While I realize that I may completely blow your image of me, I feel that I have to come clean with all of you. Perfection is unattainable. If this is news to you, I apologize for all the big words I've used in the past, you're clearly a moron. Stop reading now, I don't want to be accused of discrimination against the stupid. I won't dumb it down for you. So, since I am not as perfect as you believed, I guess I should start somewhere. Maybe I should tell you that many of these quirks didn't become a part of my persona until I was an adult. As a child, I was far more easy-going. Aging has been quite a process for me and with it came more quirks than I knew could exist in one human being. Perhaps it's me making up for lost time. I really was a great kid. Oh well, I'm pretty fucking awesome now, just incredibly flawed, as well.

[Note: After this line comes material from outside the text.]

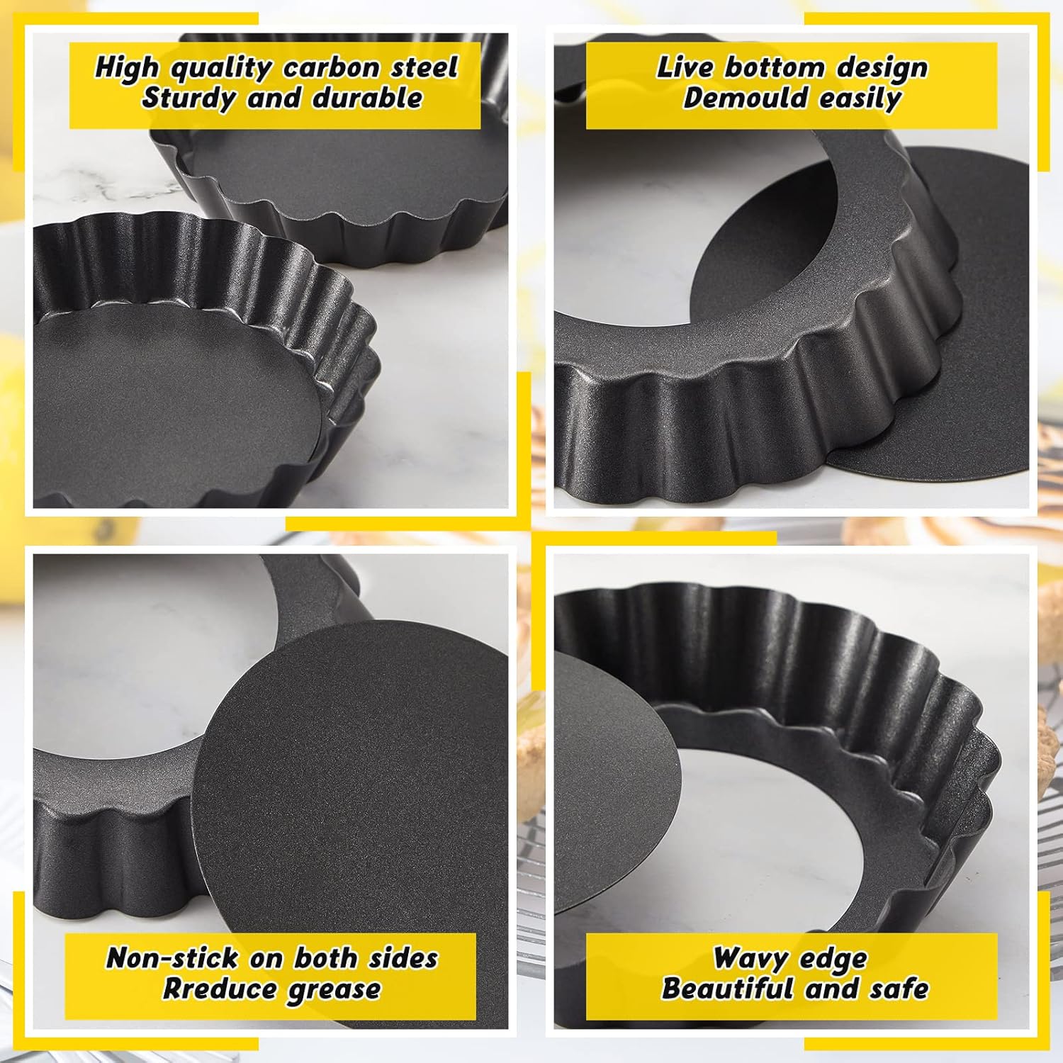 - Broadly Applicable: the pastry pans are nice for fruit tarts, small quiches, small pies, small tarts, mini lemon tarts, small pecan tarts, cheesecakes and more, suitable for restaurants, bakeries, buffets, weddings, Mother's Day, Valentine's Day, birthday parties, housewarming celebrations and other formal occasions
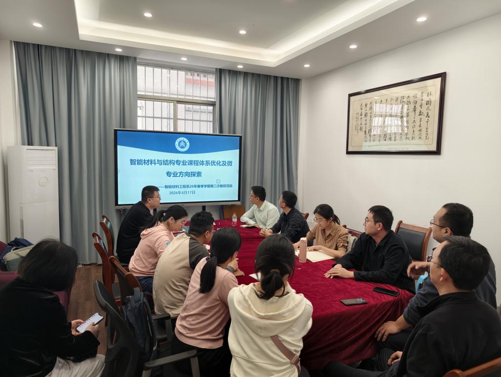 2026年4月17日,材料科学与工程学院智能材料工程系在南岸校区学院会议室召开本学期第二次教研活动。会议由赵楠副主任主持,系部全体教师参加,围绕“智能材料与结构专业课程体系优化及微专业方向探索”主题开展专业内涵式建设深入研讨。

As an adult, I've noticed that my attention span has diminished to the point of ridiculousness. You can't imagine ADD in a grown-ass woman, but holy shit, come watch me do just about anything these days. Doing one task from start to finish is almost impossible for me, unless I can throw in a few minor tasks in between so I can bounce around like a rubber fucking ball from room to room, area to area. Even as I write this, I am looking around the room, jumping up to get a snack or two, refilling my coffee cup, checking my email, reading Facebook bullshit, and the list continues on. My mind races from topic to topic and doesn't seem to stop to smell the roses, ever. It's actually exhausting and it's really no wonder I'm tired a whole helluva lot. Are you envisioning little projects left in piles all over my house right now? Half read newspapers, piles of laundry not quite folded, dishes in the sink and the drain board, and various and assorted shit like that? You'd be so wrong. I never said I didn't finish the tasks. I said I needed other things to do in tandem. Then I get them ALL done quite splendidly.
The reason you'll never see half-done anything, is I have a bit of clutter-phobia. It's called ataxophobia among the professional set, and it's awful. Sometimes I can handle it and just pace through the house, rearranging things and putting things away, organizing and tossing shit out as I go. But other times, I launch into a full-on freak out because I am so overwhelmed by the sheer volume of accumulated crap that I have a psychotic episode and totally lose my shit. I will literally freeze in my spot and start screaming at everyone in the house, because face it, it IS their fault. At this point, they are used to it and don't react very much. Sometimes, if the planets are aligned, someone will actually ask if they can do anything to help. Depending on how far gone I am, I may not even really hear them because my head is on the verge of a massive brain-splattering explosion. Which I will have to clean up and it will just add to the list of things for me to do. One day, I'll just set the house on fire and start fresh. Much less stressful.
Perhaps I have a touch of OCD, just a tad. When I blog, I have a certain set-up that has to happen before I can even begin. The laptop is in front of my seat at the dining room table, my notebook is on the left with my eyeglass case either resting on top of it or at the head of the book. My water is next to the book and my coffee is on the right side of the laptop with either dates or almonds scattered near it. My phone is to the left of the coffee cup. Every time, without fail. Don't move my shit or I'll have to rearrange it and then shank you. When I go to bed, I take off my rings in the same order, engagement ring, right hand rings from ring finger on moving left, then my bracelets, then my earrings and I place them all in the same spot on my nightstand. Have a problem with this technique? I don't. Putting on makeup is always in the same order and if I veer from that order, I have to start from where I left off before I went rogue. Lashes, cheeks, brows, and then eyelids. It works for me and don't I always look lovely?
Blankets are my thing and boy howdy, do I love them. I even crocheted a couple last winter, one for me and one for the cat. What I hate is unfolded blankets strewn around the friggin living room. If I see one unfolded and out of place I have to stop everything and grab it, fold it, put it back, and make sure the rest are just right. Since I am always cold, they are a necessity all year long. They have their spots and belong there until I need one. I don't mind sharing them, I'm not a blanket-hog. What I mind is seeing them treated like a rag when you are done with it and seeing it tossed all willy nilly wherever the fuck you were last. Do you want me to toss your shit around the house? If the mess wouldn't institutionalize me, I'd dump drawers and scatter belongings all over the place in retaliation. Then I'd have to clean it up, probably before you even got a chance to see it. Christ, I'm pathetic!
These are just a few of the things that make me the wonderful soul you see before you. Do I have more quirks? Fuck yes. But I'll bet you have more, and those annoy the shit out of me. My quirks get me through the day in a semi-sane fashion, help me accomplish my daily tasks, and keep my life running smoothly. Yours only serve to piss me off and make me want to punch you in the throat. Mine are just part of my charm. Do I find your quirks charming? Are you friggin kidding me right now???